Bad actors are getting very good at playing the pretend role of “victim.”
Case in point is this recounting of a phone call by Trail grandma Lynn Gould. The conversation between Lynn and her “grandson” Joe, left her heart pounding for hours afterwards and her feeling of security, shaken for even longer.
In the end, she didn’t fall for the very convincing crying voice at the other end of the line and send money to bail “Joe” out of jail, but Lynn wants to warn others about her experience so they know just how good the scam artists are getting with their ruse.
“I consider myself fairly intelligent for a person my age,” she began. “But we need to get out how terrified I was, they sucked me right in — I was sure I was talking to ‘Joe,’ and he was in trouble.”
The call came into her home from a private line.

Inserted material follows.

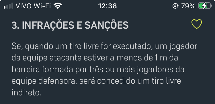 Na cobrança de falta, ao não manter a distância de 1 metro da barreira do Corinthians e um palmeirense tocar a bola, deveria-se ter marcado tiro livre indireto ao Timão.
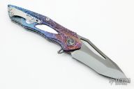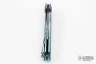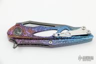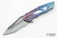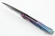 This Noah Flipper from Dew Hara features a black DLC mirror polished blade with notched thumbrest and flipper. The handle has laser engraved titanium scales with mother of pearl inlays, textured stainless steel liners and a laser engraved titanium backspacer. Skeletonized stainless steel tip up clip is positioned for right hand carry. Includes velcro cloth pouch. 3 of 5 on clip. Nice detent and lockup, rides on bearings. Excellent condition.

Thinking it was a doctor’s office or possibly the hospital, Lynn picked up the call.
On the other end was a voice racked in sorrow and fear, claiming it was Joe, Lynn’s grandson who lives in Red Deer. As the convoluted story played out, Lynn was convinced it was her grandson Joe, who does indeed live in Red Deer.

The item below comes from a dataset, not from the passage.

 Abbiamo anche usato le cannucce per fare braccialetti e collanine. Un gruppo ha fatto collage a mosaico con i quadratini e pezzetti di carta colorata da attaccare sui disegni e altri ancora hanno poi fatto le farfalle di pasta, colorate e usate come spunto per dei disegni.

Joe was sick, went for a COVID test, which was negative, but was told by the nurse he had strep throat and needed to get to a doctor. On his way home, his buddy was driving his brother’s car, the Red Deer police pulled over the car.
Next in the ruse, “Joe” told Lynn the police found thousands of dollars worth of drugs in the trunk and he was now in jail.
“Don’t tell anyone grandma, I don’t do drugs, but I need help,” the supposed Joe cried to Lynn.
Next, “Joe” said a Red Deer police officer was trying to help him out and wanted to talk with Lynn. The compassionate “police officer,” who claimed all he wanted to do was help this sick boy, went as far to give Lynn a name — Constable Stewart — a badge number and a phone number to the detachment.
While all this was happening the phone was handed back to “Joe” who said he needed $10,000 for bail.
The whole ruse went on for about 15 minutes, Joe crying the whole time as detail after detail of the scenario played out.
Lynn finally said I will call you right back, I just need to make a few calls first.
She hung up and Googled the Red Deer RCMP detachment and called them with the badge number and phone number she was given. The person on the other end immediately warned her she was in a scam and to call the Trail detachment immediately.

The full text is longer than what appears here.